# ACTION ITEM
Only the lines below from the one containing "6 Städt. Galerie" through the one containing "Fantastisk kamp med" belong in the answer, set down exactly, with the pictures left out.

**** SUPPLIED DATA

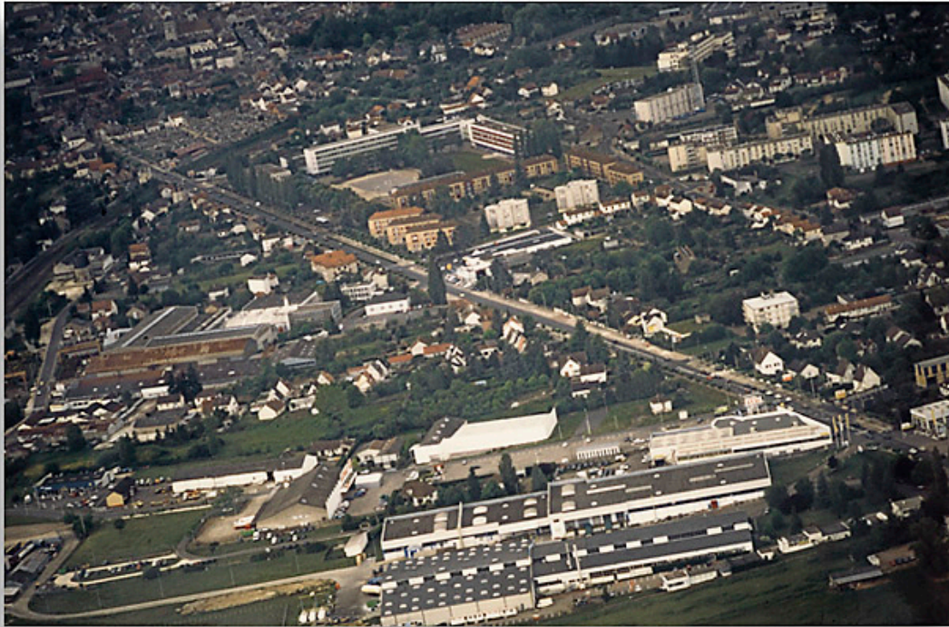
Vue aérienne du sud de Cosne-Cours-sur-Loire et du quartier Saint-Laurent. Photographie ancienne, s.d., [1990-2000].
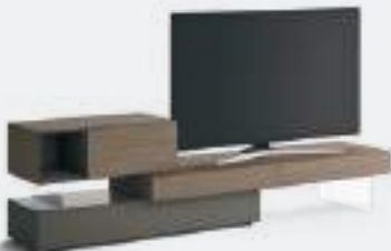
Domino IN.3 p 30
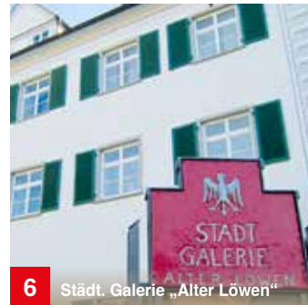
6 Städt. Galerie „Alter Löwen“
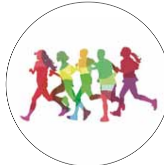
IV BIEG ULICZNY JÓZEFOSŁAWIA I JULIANOWA
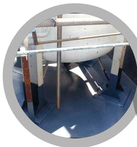
Zones de confinement chimique
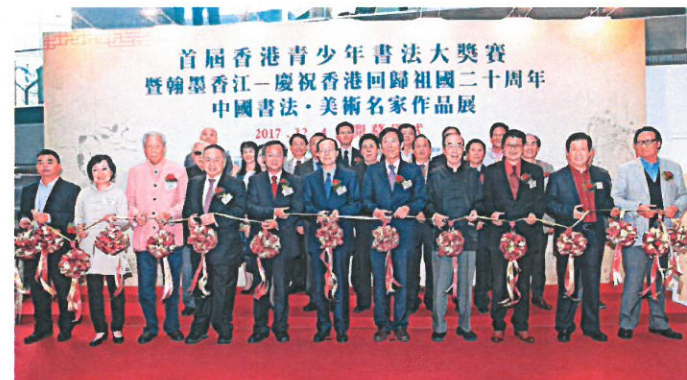
▲學生與書法名家展示作品 ▲章主禮嘉賓為展覽開幕剪綵

自古以來書法文化是我國文化藝術傳承的重要組成部分之一。從整理小篆的李斯，到號稱「書聖」的王羲之，再到有「宋四家」之譽的蘇軾、黃庭堅、米芾和蔡襄……歷朝歷代皆有書法名家輩出。時至今日，我輩華夏兒女又怎能不將此筆尖藝術繼續發揚光大？昨日下午於香港九龍塘創新中心舉行的「首屆香港青少年書法大獎賽暨翰墨香江——慶祝香港回歸祖國二十周年 中國書法·美術名家作品展」正是這樣一個傳承華夏藝術、弘揚文化瑰寶的活動。祖國之南，香江之畔，一群熱愛藝術肩負傳承民族文化重任的學生們在書畫藝術家的指導下提筆揮毫，書寫香港回歸祖國二十周年的美好與和諧。
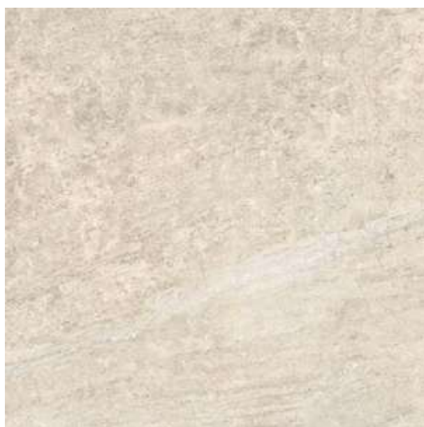
Cabernet HD WH | 90x90 cm | 36x36"
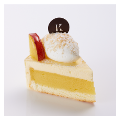
スイートポテトケーキ 11/25まで ¥610
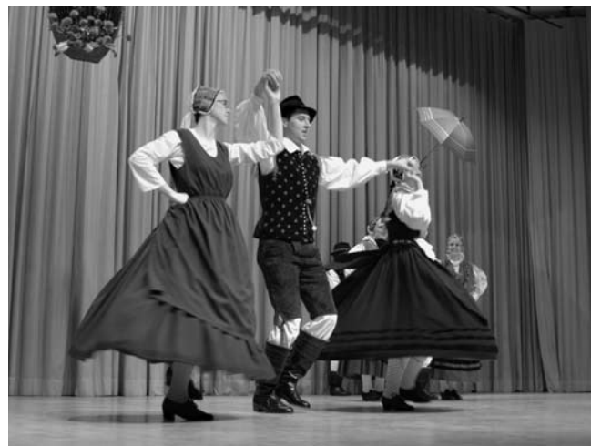
Podoba pripadnostnega kostumiranja Gorenjcev, ki pri moškem vključuje oblačenje belih bombažnih spodnjih hlač, vidnih v delu okrog kolena. Folklorna skupina iz Bohinja na območnem srečanju folklornih skupin.
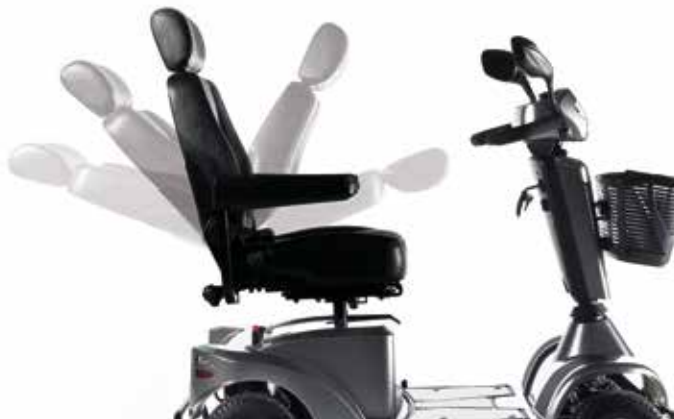
→ Ajuste sencillo del ángulo de respaldo
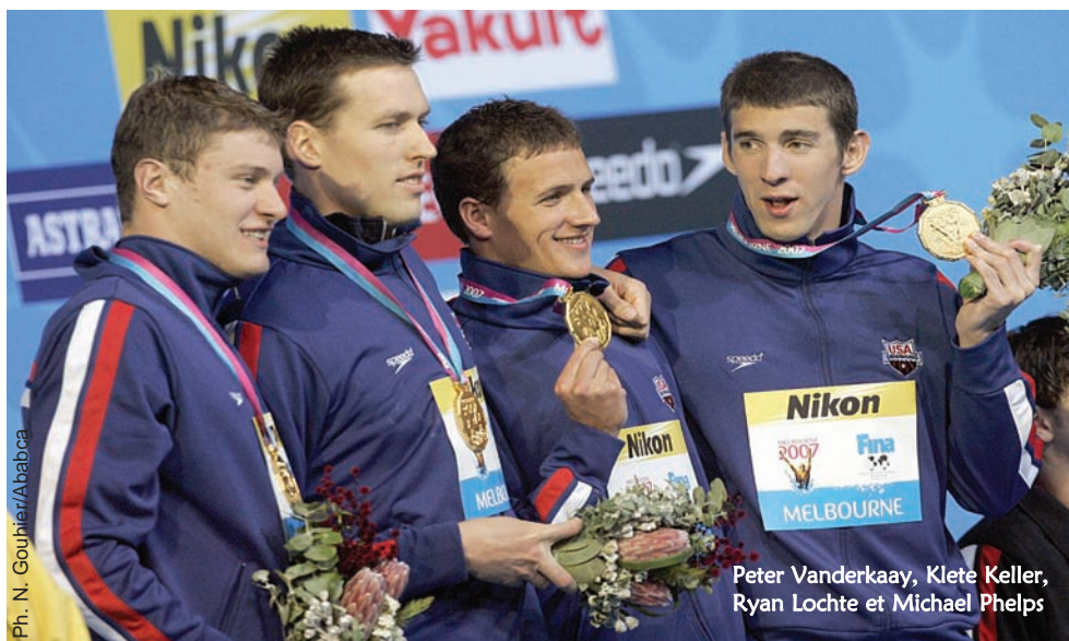
Peter Vanderkaay, Klete Keller, Ryan Lochte et Michael Phelps

▲ La course du siècle. Aux Jeux Olympiques d'Athènes en 2004, beaucoup estimaient que l'affrontement entre l'Australien Ian Thorpe, le Néerlandais Pieter Van den Hoogenband et le jeune prodige américain Michael Phelps sur 200 m nage libre constituait la course du siècle. Mais de course, il n'y en eut pas vraiment tant la suprématie de VDH était à l'époque incontestable. En 2007, le Néerlandais de retour de blessure et l'Australien retraité n'ont pas été en mesure de contrarier la quête de Michael Phelps. Le verdict est sans appel : médaille d'or et record du monde en 1'43"86 (ancien 1'44"06 par Ian Thorpe). "Je savais que Pieter allait partir vite, note l'Américain. J'ai donc attaqué dès le premier 100 m pour être à sa hauteur ou devant lui et utiliser toute ma vitesse."
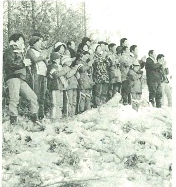
中里地区の皆さんは毎年元旦に家族そろって中里の通称ボウス山に登り初日の出を拝むことにしていますが、今年も40人の人が初日の出を拝み家内安全と豊作を祈りました。
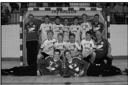
Thy Cup Gruppe 1 finalevindere.

Fantastisk kamp med masser af stemning i hallen, med over 2000 tilskuere.
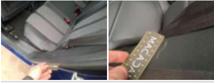
Accoudoir AV C, Déchirure, Réparer/rempl. (montant forfaitaire)

********

# FINISHED EXERCISE
6 Städt. Galerie „Alter Löwen“
IV BIEG ULICZNY JÓZEFOSŁAWIA I JULIANOWA
Zones de confinement chimique
▲學生與書法名家展示作品 ▲章主禮嘉賓為展覽開幕剪綵

自古以來書法文化是我國文化藝術傳承的重要組成部分之一。從整理小篆的李斯，到號稱「書聖」的王羲之，再到有「宋四家」之譽的蘇軾、黃庭堅、米芾和蔡襄……歷朝歷代皆有書法名家輩出。時至今日，我輩華夏兒女又怎能不將此筆尖藝術繼續發揚光大？昨日下午於香港九龍塘創新中心舉行的「首屆香港青少年書法大獎賽暨翰墨香江——慶祝香港回歸祖國二十周年 中國書法·美術名家作品展」正是這樣一個傳承華夏藝術、弘揚文化瑰寶的活動。祖國之南，香江之畔，一群熱愛藝術肩負傳承民族文化重任的學生們在書畫藝術家的指導下提筆揮毫，書寫香港回歸祖國二十周年的美好與和諧。
Cabernet HD WH | 90x90 cm | 36x36"
スイートポテトケーキ 11/25まで ¥610
Podoba pripadnostnega kostumiranja Gorenjcev, ki pri moškem vključuje oblačenje belih bombažnih spodnjih hlač, vidnih v delu okrog kolena. Folklorna skupina iz Bohinja na območnem srečanju folklornih skupin.
→ Ajuste sencillo del ángulo de respaldo
Peter Vanderkaay, Klete Keller, Ryan Lochte et Michael Phelps

▲ La course du siècle. Aux Jeux Olympiques d'Athènes en 2004, beaucoup estimaient que l'affrontement entre l'Australien Ian Thorpe, le Néerlandais Pieter Van den Hoogenband et le jeune prodige américain Michael Phelps sur 200 m nage libre constituait la course du siècle. Mais de course, il n'y en eut pas vraiment tant la suprématie de VDH était à l'époque incontestable. En 2007, le Néerlandais de retour de blessure et l'Australien retraité n'ont pas été en mesure de contrarier la quête de Michael Phelps. Le verdict est sans appel : médaille d'or et record du monde en 1'43"86 (ancien 1'44"06 par Ian Thorpe). "Je savais que Pieter allait partir vite, note l'Américain. J'ai donc attaqué dès le premier 100 m pour être à sa hauteur ou devant lui et utiliser toute ma vitesse."
中里地区の皆さんは毎年元旦に家族そろって中里の通称ボウス山に登り初日の出を拝むことにしていますが、今年も40人の人が初日の出を拝み家内安全と豊作を祈りました。
Thy Cup Gruppe 1 finalevindere.

Fantastisk kamp med masser af stemning i hallen, med over 2000 tilskuere.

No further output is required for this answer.